Lebanon: Parliament gives confidence to the new Mikati government
On Monday, the National Assembly of Lebanon, the single-chamber parliament, voted the trust to the new government (with 85 votes out of 100) led by Prime Minister Najib Mikati, considered the richest man in the country.
Lebanese President Michel Aoun commissioned Mikati to form a new government in July of this year, reaching an agreement on its composition ten days ago. One hundred out of possible 117 MPs attended Monday’s session, which lasted over eight hours. Among those absent was former Prime Minister Saad Hariri, head of the Future Movement. Lebanon has 128 parliamentarians, but eight have resigned, and three deceased have not yet been replaced.
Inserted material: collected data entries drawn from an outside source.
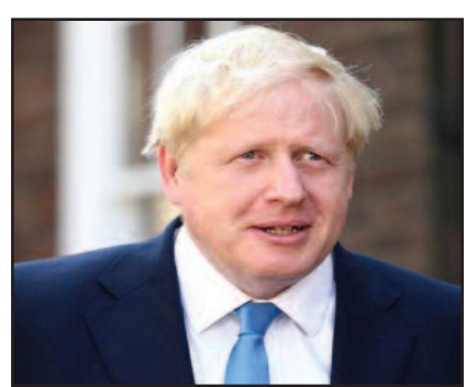
ਸਮਝੌਤਾ ਕਰਨ 'ਚ ਅਸਫਲ ਰਹੀ ਬੋਰਿਸ ਜੌਨਸਨ ਨੇ ਮੁੜ 'ਚ ਪ੍ਰਧਾਨ ਮੰਤਰੀ ਅਹੁਦੇ ਤੋਂ ਅਸਤੀਫਾ ਦੇਣ ਦਾ ਐਲਾਨ ਕੀਤਾ ਸੀ। ਉਸ ਤੋਂ ਬਾਅਦ ਕੰਜ਼ਰਵੇਟਿਵ

ਲੰਡਨ (ਬਿਊਰੋ)- ਯੂਰਪੀ ਸੰਘ ਤੋਂ ਬਰਤਾਨੀਆ ਦੇ ਵੱਖ ਹੋਣ (ਬ੍ਰੈਗਜ਼ਿਟ) ਨੂੰ ਲੈ ਕੇ ਬਣੀ ਬੇਵਸਾਹੀ ਵਿਚਕਾਰ ਬੋਰਿਸ ਜੌਨਸਨ ਨੂੰ ਬਰਤਾਨੀਆ ਦਾ ਅਗਲਾ ਪ੍ਰਧਾਨ ਮੰਤਰੀ ਚੁਣ ਲਿਆ ਗਿਆ ਹੈ। ਸੱਤਾਧਾਰੀ ਕੰਜ਼ਰਵੇਟਿਵ ਪਾਰਟੀ ਦੇ ਪ੍ਰਧਾਨ ਅਹੁਦੇ ਦੀ ਚੋਣ 'ਚ ਜੌਨਸਨ ਨੇ ਆਪਣੇ ਵਿਰੋਧੀ ਜੇਰਮੀ ਹੰਟ ਨੂੰ ਵੱਡੇ ਫਰਕ ਨਾਲ ਹਰਾ ਦਿੱਤਾ। ਜ਼ਿਕਰਯੋਗ ਹੈ ਕਿ ਬਰਤਾਨੀਆ 'ਚ ਸੱਤਾਧਾਰੀ ਦਲ ਦਾ ਮੁਖੀ ਹੀ ਪ੍ਰਧਾਨ ਮੰਤਰੀ ਬਣਦਾ ਹੈ। ਲੰਡਨ ਦੇ ਮੇਅਰ ਤੇ ਵਿਦੇਸ਼ ਮੰਤਰੀ ਰਹਿ ਚੁੱਕੇ ਜੌਨਸਨ ਨੂੰ 92,153 ਵੋਟਾਂ ਮਿਲੀਆਂ ਸਨ। ਉਥੇ ਵਿਦੇਸ਼ ਮੰਤਰੀ ਹੰਟ ਦੀ ਝੋਲੀ 'ਚ 46,656 ਵੋਟਾਂ ਹੀ ਆਈਆਂ। ਜੌਨਸਨ ਬੁੱਧਵਾਰ ਨੂੰ ਅਧਿਕਾਰਕ ਤੌਰ 'ਤੇ ਪ੍ਰਧਾਨ ਮੰਤਰੀ ਦਾ ਅਹੁਦਾ ਸੰਭਾਲਣਗੇ। ਦੱਸਣਯੋਗ ਹੈ ਕਿ ਬ੍ਰੈਗਜ਼ਿਟ ਨੂੰ ਲੈ ਕੇ ਯੂਰਪੀ ਸੰਘ (ਈਯੂ) ਨਾਲ ਕੋਈ ਵੀ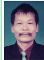
第 19 任家長會長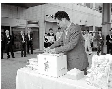
昨年多くの寄付が集まったふるさと納税米作り農家応援事業

継続事業の第3番目としては、「フジバン新工場誘致に伴う関連事業の整備」であります。新工場は平成28年春の操業開始を目指して、急ピッチで工事が進められておりますが、新年度において、町が取り組まなければならない工事としては、現在の橋梁の撤去及び新設橋の橋台等の工事、交通量の増加に伴う、交差点付近の県道の拡幅工事等であります。 そのほか、町に新たな風を起すための「地域おこし協力隊」のいっそうの充実を図るとともに、竹荘・大和の中学校跡地の活用につきましても一定の方向性を見出し、進めたいと考えております。 また、合併以来の懸案でありました「自治組織の再編」も、先日、「自治組織検討委員会」からの答申を頂きましたので、答申の柱に沿って具体的な制度設計を行いたいと考えております。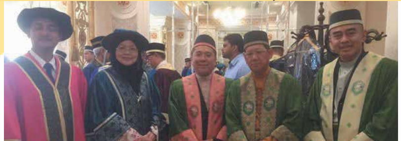
From Right: Minister of Health and Minister of Education with the Rector of UIAM & Assistant Rector KUIM Melaka

HafI al-Takharruj also received attendance from 19 representatives from foreign universities. These include Chancellor / President / Vice Chancellor and the University Rector of the Islamic University of Maldives, Universiti Al al-Bayt University Jordan (AABU), Islamic University of Gaza (IUG), Darul Huda Islamic Universiti Kerala India, Universiti Islam Karzakhstan, Universiti Islam Antarabangsa Malaysia (UIAM), Universiti Islam Malaysia (UIM), Universiti Kebangsaan Malaysia (UKM), Universiti Pendidikan Sultan Idris

Mikati and his new government met with lawmakers at the UNESCO Building, the makeshift parliament building in Beirut. The session started almost an hour later than expected due to the power outages that routinely plague the Land of Cedars. For nearly a year, Lebanon had been led by a provisional government with limited powers, given the failures of previous attempts to form an executive. The new government will have the task of addressing the severe political, social, and economic crisis the country is experiencing, especially after the terrible explosion that destroyed part of the port of the capital Beirut. According to the United Nations, three-quarters of the Lebanese population lives in poverty, and the World Bank said the Lebanon crisis is one of the three worst in the past 150 years.
Prime Minister Mikati promised to lift the country out of the economic crisis, obtaining substantial aid thanks to the resumption of the negotiation with the International Monetary Fund (IMF) and making a series of economic, political, and social reforms. Several experts said they were sceptical of the success of his proposals, which appear to be buffer measures rather than sustainable and long-term solutions. Before yesterday’s vote, the multibillion-dollar prime minister presented his government’s nine-page political statement to lawmakers.
He promised that his 24-minister government would implement a series of economic and structural reforms and pledged to tackle chronic power outages, lack of food, fuel, and medicine shortages, fight rampant corruption, and end spending public wasteful. The Parliament speaker Nabih Berri asked Mikati not to read the entire statement, fearing that the electricity might go out again before the session end. The United Nations recently estimated that nearly three-quarters of the Lebanese population lives in poverty. The World Bank has warned that the country’s economic crisis is one of the three worst the world has seen in the past 150 years.